Below are the records. Retype, exactly, the lines from the first through the line with "CCN MÉTALLURGIE – COTATION DES EMPLOIS", and leave out the pictures.

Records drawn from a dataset
%%

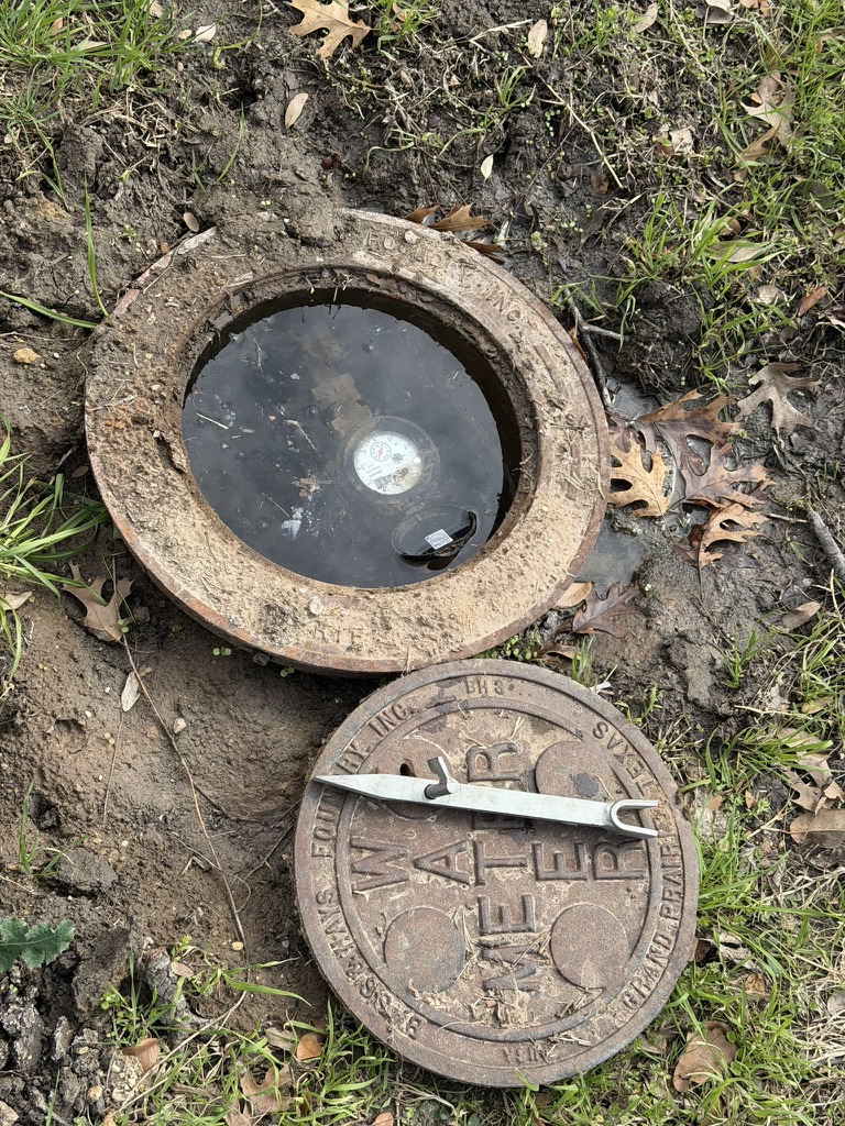 I had to complain to the city again about the water meter leaking. Full of water and one of the plumbers was on her hands and knees with a whipped cream cup scooping out multiple gallons.
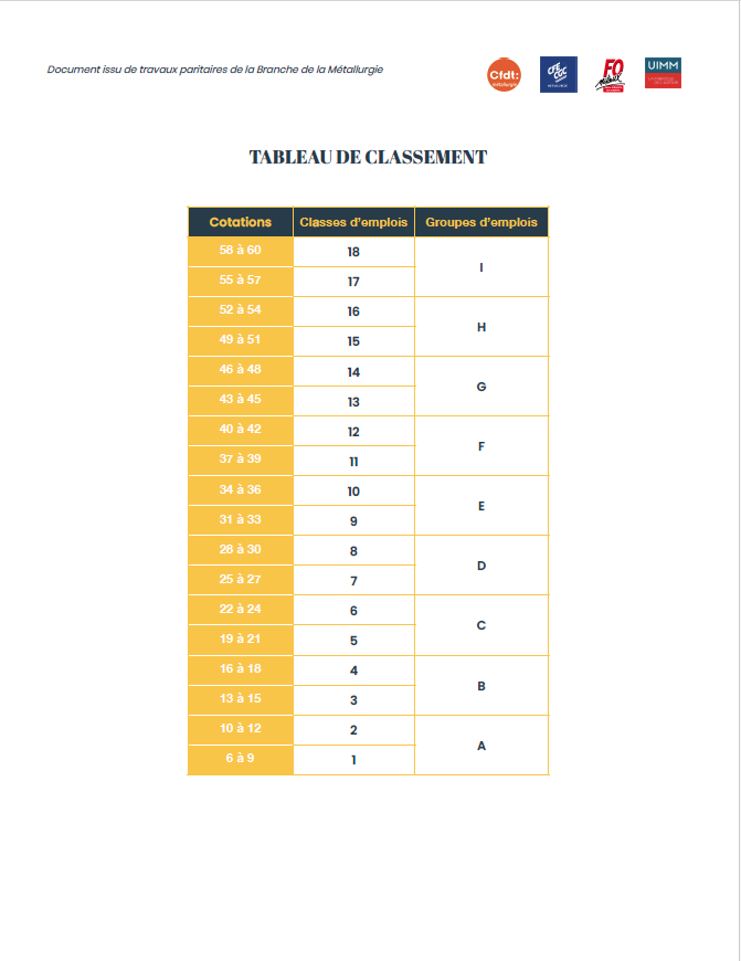 CCN MÉTALLURGIE – COTATION DES EMPLOIS
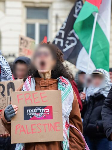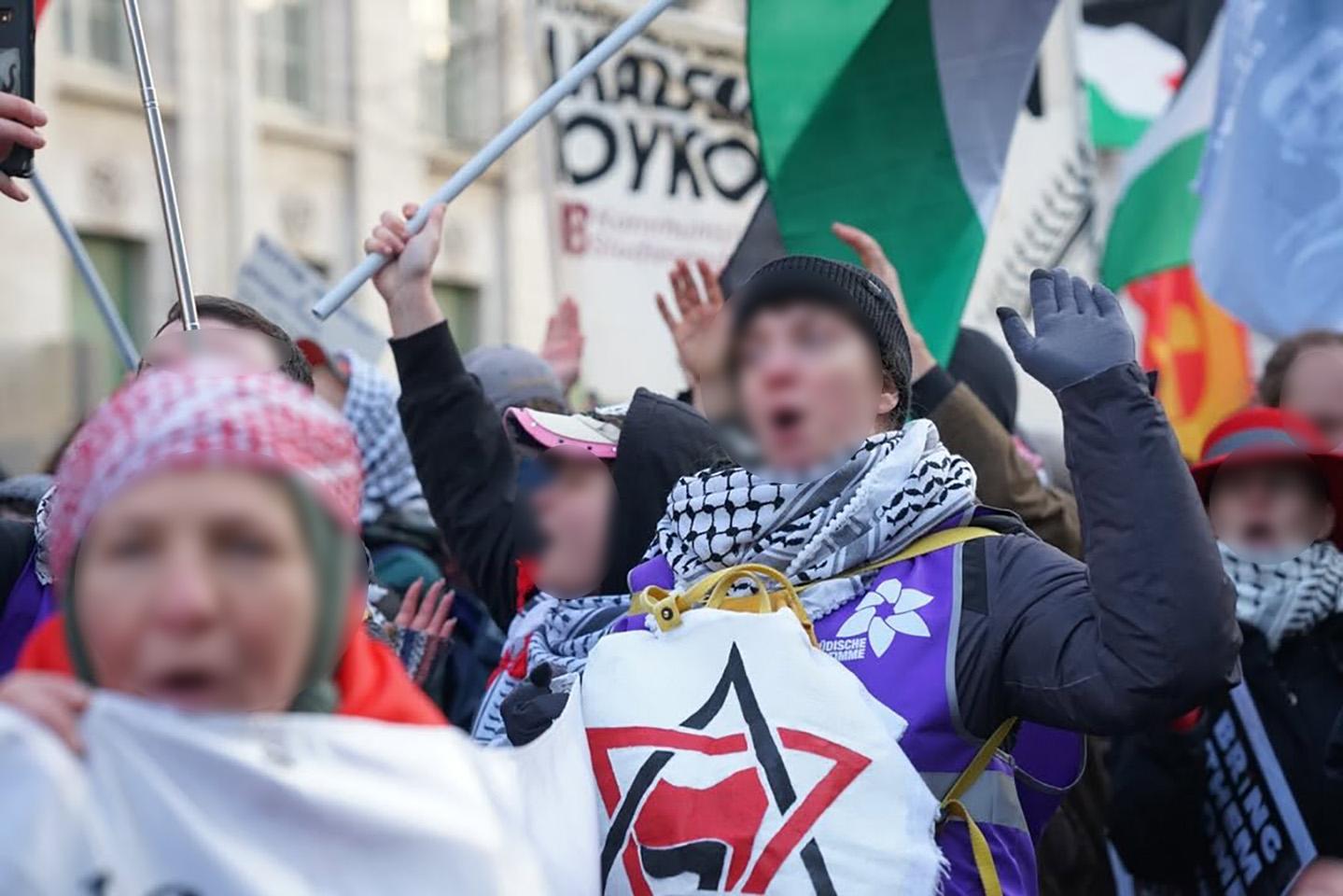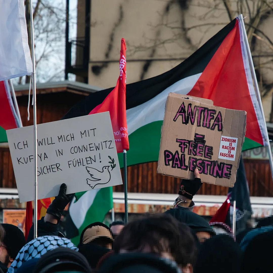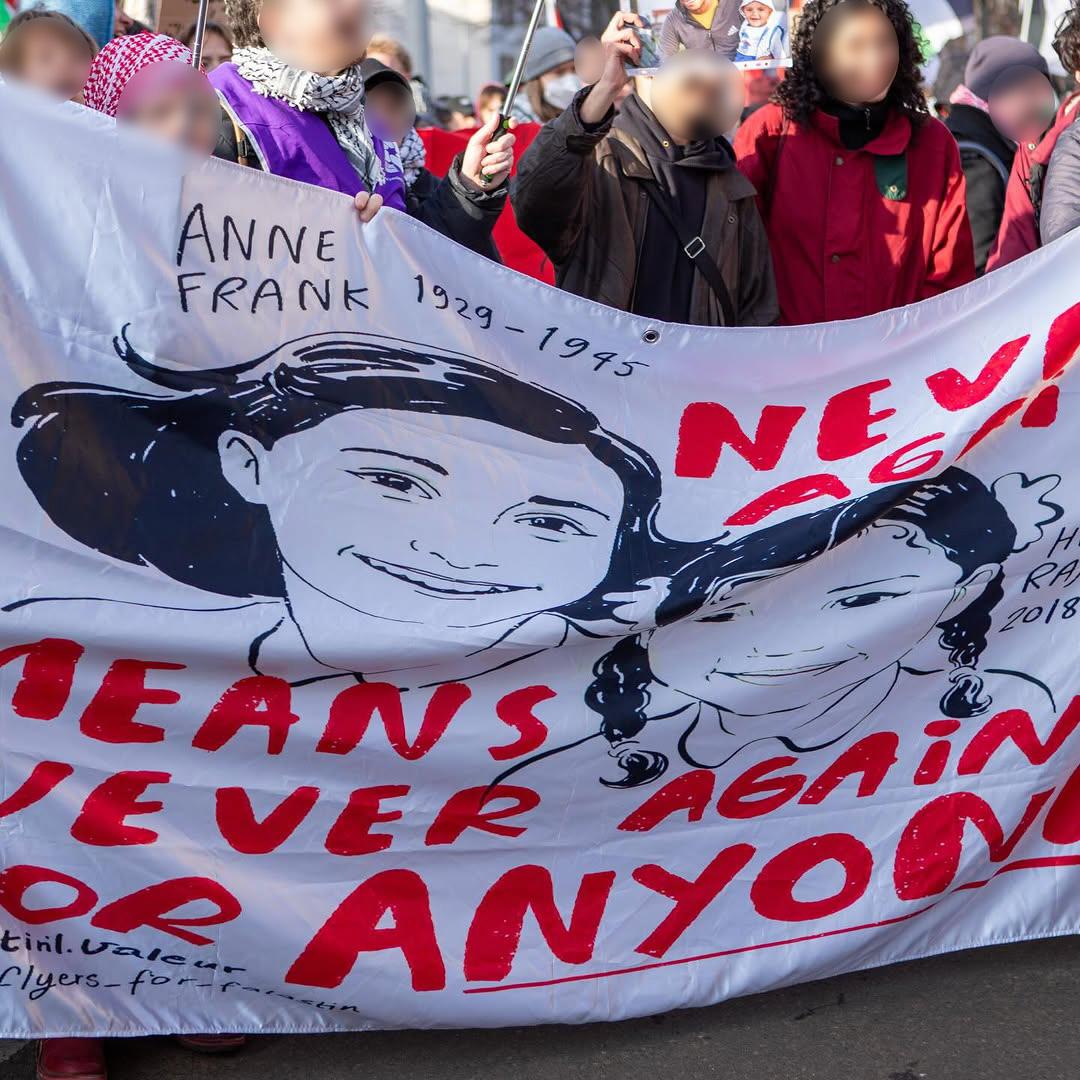 ich denke, ich brauche euch nicht von neu auf an zu erzählen warum wir heute hier sind. Ich denke ich brauche euch nicht zu erzählen wie lang schon dieser Genozid andauert, wie viele Palästinenserinnen auf brutalste Art gestorben sind und wie viele an Hunger und Kälte leiden. Ich brauche euch auch nicht zu erzählen wie viele Genossinnen hier und auch weltweit Hass, Morddrohungen oder Repressionen abbekommen, weil sie in ihrem Aktivismus drauf aufmerksam machen. Wir alle kennen die Bilder, Videos und Erfahrungsberichte aus Gaza und der Westbank und haben, im Vergleich zur braunen rassistischen Suppe dahinten, verstanden, wofür wir uns einsetzen und wen wir unterstützen. Wir alle wissen aber auch, dass wir mehr sind, in unseren Kollektiven zusammenhalten und uns nicht einschüchtern lassen. Die Waffen der Zios sind der IDF Fetisch, Rassismus, Springerpresse und bürgerliche Kapitalparteien. Unsere Waffe ist stärker und sie wird auch immer die Stärkste bleiben, nämlich die Solidarität.
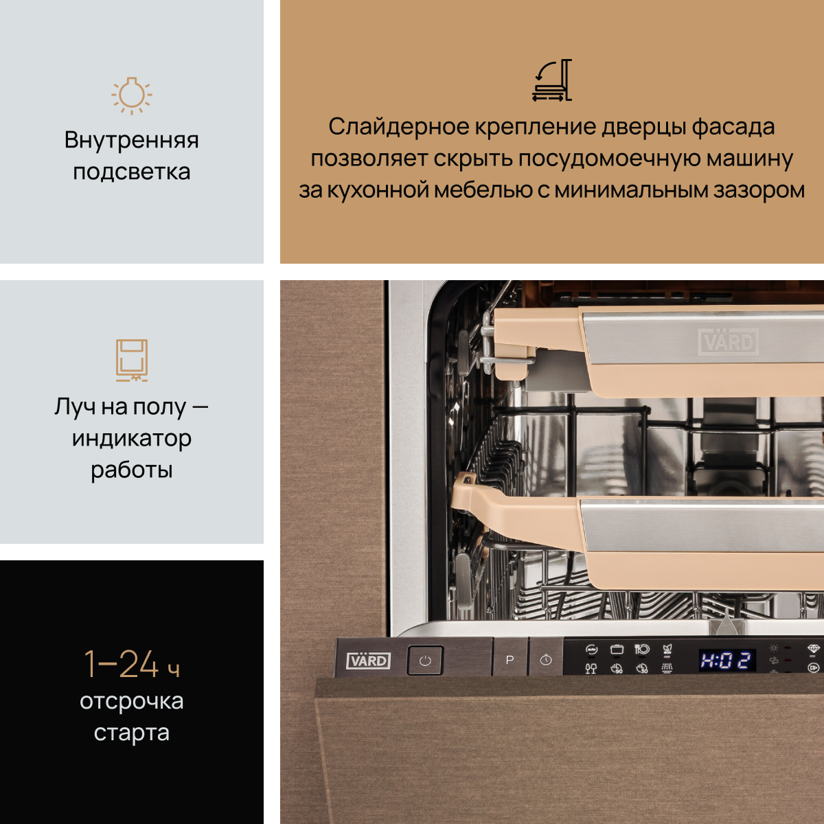 автоматическое открывание дверцы по завершении цикла, внутренняя поверхность из нержавеющей стали, дисплей, использование средств 3 в 1, открывание без ручки, подсветка камеры, проточный водонагреватель, регулируемая по высоте корзина для посуды, сенсор чистоты воды, таймер отсрочки, Автоматическое открывание двери, Внутреннее освещение, Датчик прозрачности воды, Звуковой сигнал, Отключение звукового сигнала, Отсрочка запуска, Поддон для столовых приборов, Половинная загрузка, Регулировка высоты корзин, Съемные контейнеры для столовых приборов, Таймер, защита от протечек
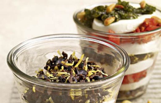 Caprese mit Pesto und Zitronat Zutaten 4 Tomaten 4 getrocknete Tomaten Salz Pfeffer 50 g schwarze, entsteinte Oliven 1/2 Bio-Zitrone 1-2 TL Aceto balsamico 1 TL Zitronat 50 g Pesto (Fertigprodukt) 2 EL Pinienkerne 200 g Büffel-Mozzarella (1-2 Kugeln) guk:similarity-keyw [...]
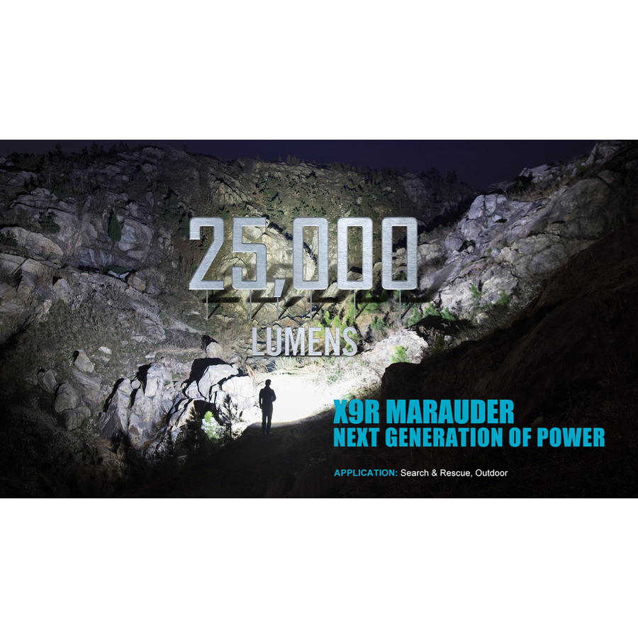 Olight X9R Marauder – новий флагман в лінійці надпотужних ліхтарів Olight. Яскравість даної моделі була збільшена до неймовірного показника в 25000 люмен, до цього найбільш потужним ліхтарем був X7R з 12000 люмен. Новий світловий монстр оснащений 6 світлодіодами Cree XHP 70.2, які здатні генерувати промінь світла дальністю до 630 метрів. Примітно, що, не дивлячись на високу дальність, промінь світла має надзвичайно широкий кут засвітки, що наближається до 160°. Завдяки застосованій оптичній системі X9R буде особливо актуальним при проведенні рятувальних або пошукових операцій, а також для полювання і риболовлі.
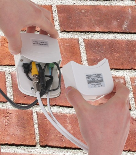 Zasilacz impulsowy firmy Protec w estetycznej bryzgoszczelnej obudowie Przystosowany do montażu zewnętrznego na murze (dla IP53 zalecany jest montaż pod zadaszeniem) Złącze zasilania kamery i wizji mieści się bez problemu wewnątrz obudowy zasilacza Poprawny montaż zasilacza możliwy jedynie w pozycji pionowej, złączami do dołu
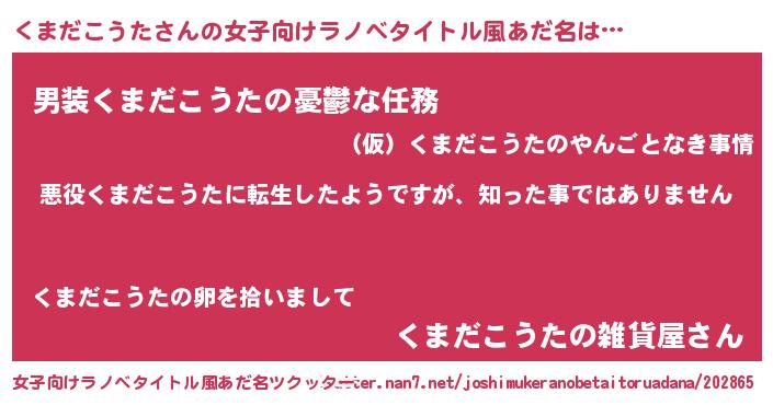 | 意味不明あだ名 | 『住所不定無職くまだこうた(4歳)』 |
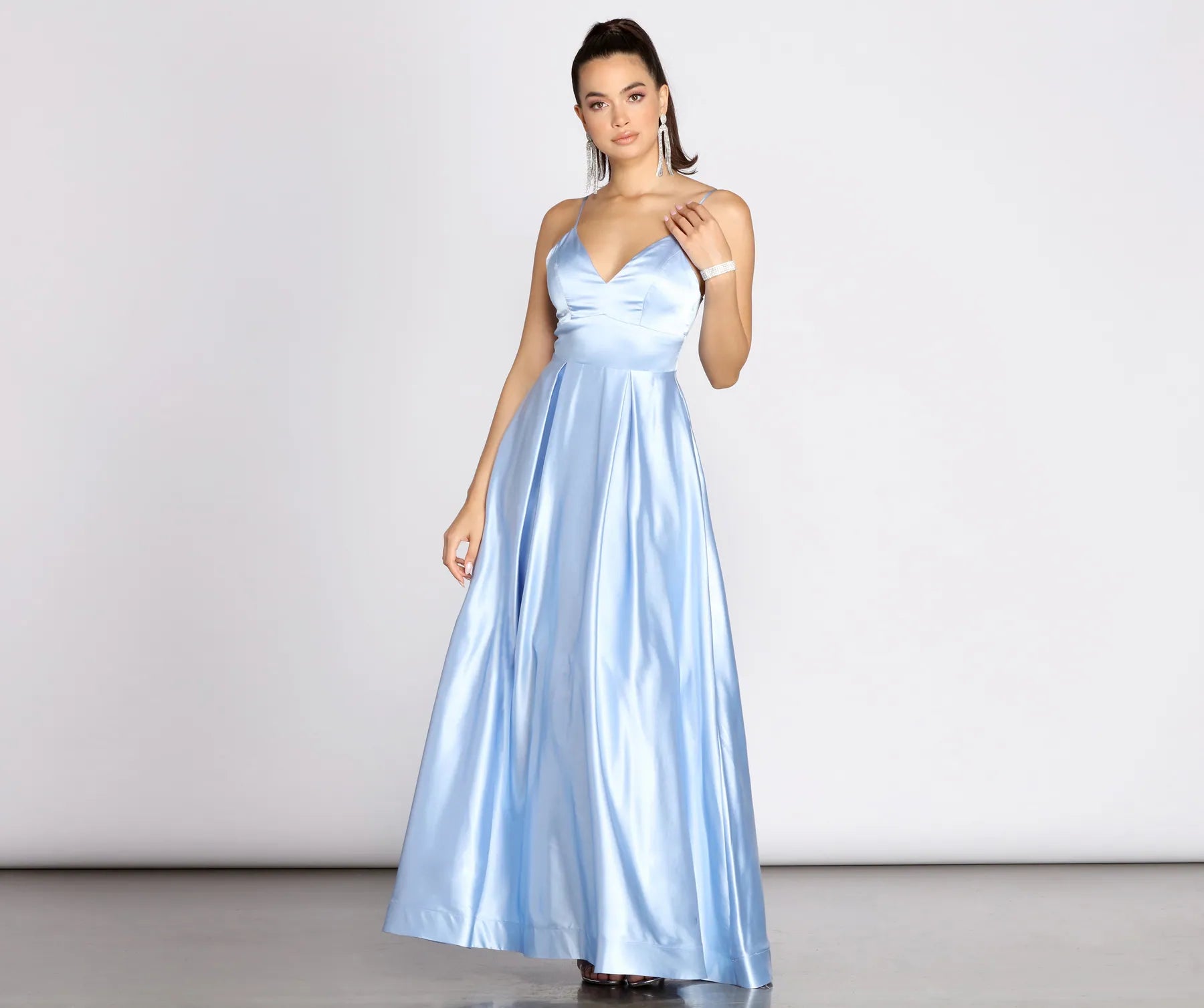 Lace-up in elegance as you create a twirl-worthy moment in our dreamy Idina ball gown. Pair her with glitzy heels and rhinestone accents to bring the shine to your evening!

%%

_Answer area:_
 I had to complain to the city again about the water meter leaking. Full of water and one of the plumbers was on her hands and knees with a whipped cream cup scooping out multiple gallons.
 CCN MÉTALLURGIE – COTATION DES EMPLOIS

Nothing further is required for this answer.